Man in Crank 2 a stripper gets shot through her fake boobs and silicon is shooting everywhere like lava out of a science fair volcano it is fucking disgusting
ReplyDeleteBreast implants are strange, mostly because they are incredibly obvious. If done poorly, they sit way far away from each other staring off in different directions like a slow child and if done well, they just look like when too many birds are sitting on one branch and the whole thing looks like its going down
after looking at the link to the retouching agency, i admit to being very unsettled. i knew before that photoshop is a powerful tool, but i wasn't aware to what extent it could create artefactual human beings. my real problem with this is the standard it sets. i know that that's an old line of argument. anorexia is exacerbated by unrealistic images of human bodies, right? well, now you don't just have to have unrealistic goals, but what are literal unrealistic--aka manufactured--bodies. plus, it's creepy to think the level of meretriciousness that we're surrounded by. time to get out the tinfoil.
ReplyDeletep.s. fake boobs suck. they look ridiculous and feel about as attractive to the touch as an unripened avocado. plus, stretching your tits like that makes the veins pop out hella grossly. what is the payoff?
Like a bag of sand.
ReplyDeleteI think that what I find the strangest about the photos on that site is not so much altering the shape of someone's body or face - obviously the "ideal" body is so far removed from reality that I frankly expect the degree of retouching that we saw there. Also, there are elements (Beyonce's perfectly flat stomach in the photo of her bent over cutting peppers) that could never exist, so clearly the photo has been retouched. What I find stranger is the skin. It wasn't until I first saw this site that it really hit me - the image of (especially female) skin that we are presented with, regardless of skin colour, is completely smooth and poreless.

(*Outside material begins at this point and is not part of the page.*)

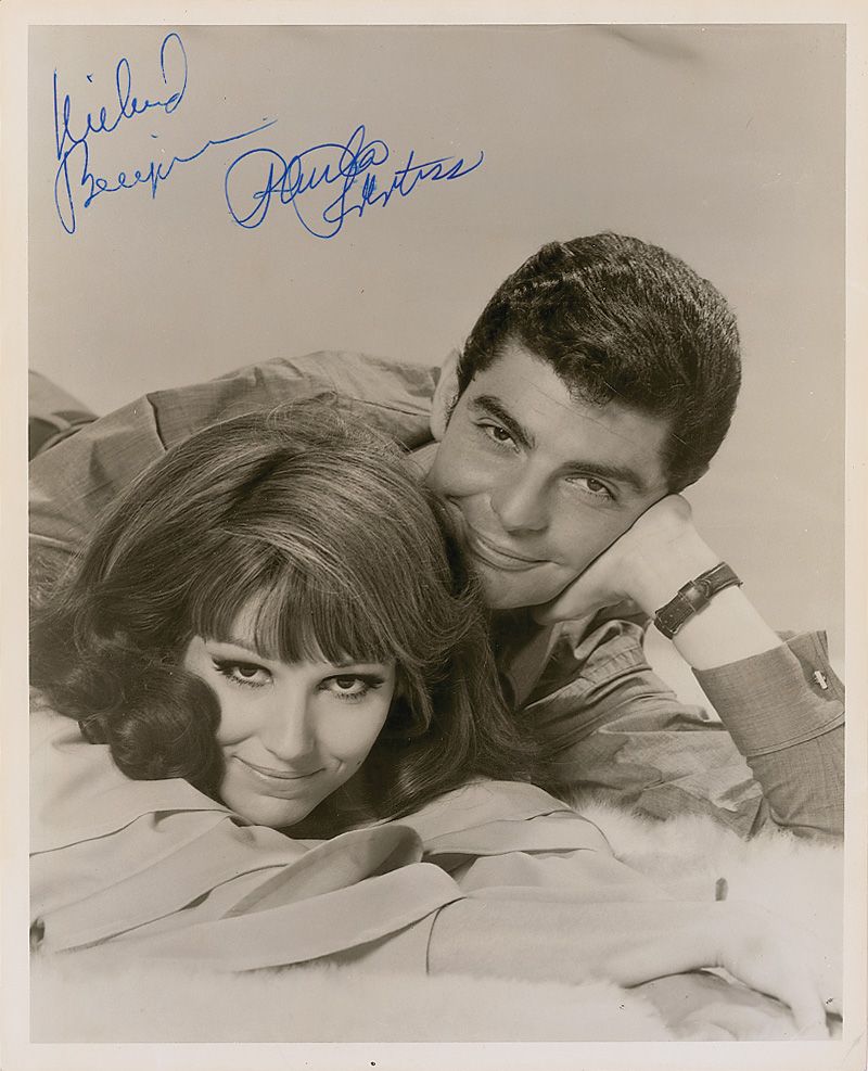 Glossy 8 x 10 photo of the couple lounging on a fur rug, signed in blue ink by both. A couple light brushes to signatures, as well as a bit of trivial irregular ink adhesion, and some light crazing to finish, otherwise fine condition.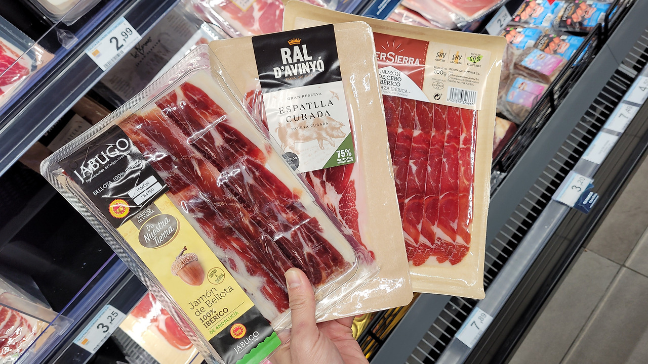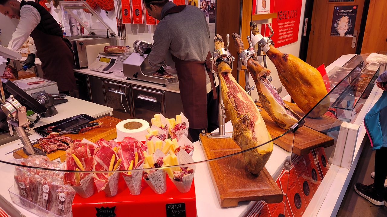 보케리아 시장에 있는 하몬 가게들 중 하나

ReplyDeleteI never really thought about just how much photo editing plays a role in selling the product. The models are no longer the ideal to attain - it's the person sitting in front of a computer who is dictating beauty. It's almost as though we've come full circle: from pre-photograph days of seeing what the artist chose to depict, to fashion and beauty photography that relied heavily on real people to be models of female beauty, back to an era in which it doesn't matter what the original product looks like because some wizard with a computer program can make you look however you want. There are some crazy videos on YouTube of the process.
There's a Canadian model named Linda Evangelista: one of the first "supermodels" and the woman who said that she "didn't get out of bed for less than $10,000 a day," she's stunning. Having seen photos of her from the days before computer photo retouching was as easy as it is now, I can tell you that she has excellent bone structure and beautiful skin (or at least a very talented makeup artist).
Now she's in ads for anti-aging cream and things like that (because god forbid someone over 25 should dare to be in commercials for anything that doesn't have "anti-aging" or "anti-wrinkle" in the title), and she honestly looks like a cyborg. I don't believe she's actually in the commercials - it could be a CGI version of her for how fake it looks.
It makes me sad partly because I love old ladies and therefore love wrinkles and grey hair and all the things that make older women beautiful, but mainly because "imperfections" are what's interesting.
On a semi-related note, did anyone else notice how many of those pictures actually showed retouching to make the subject look larger instead of smaller (fattening arms, etc.)?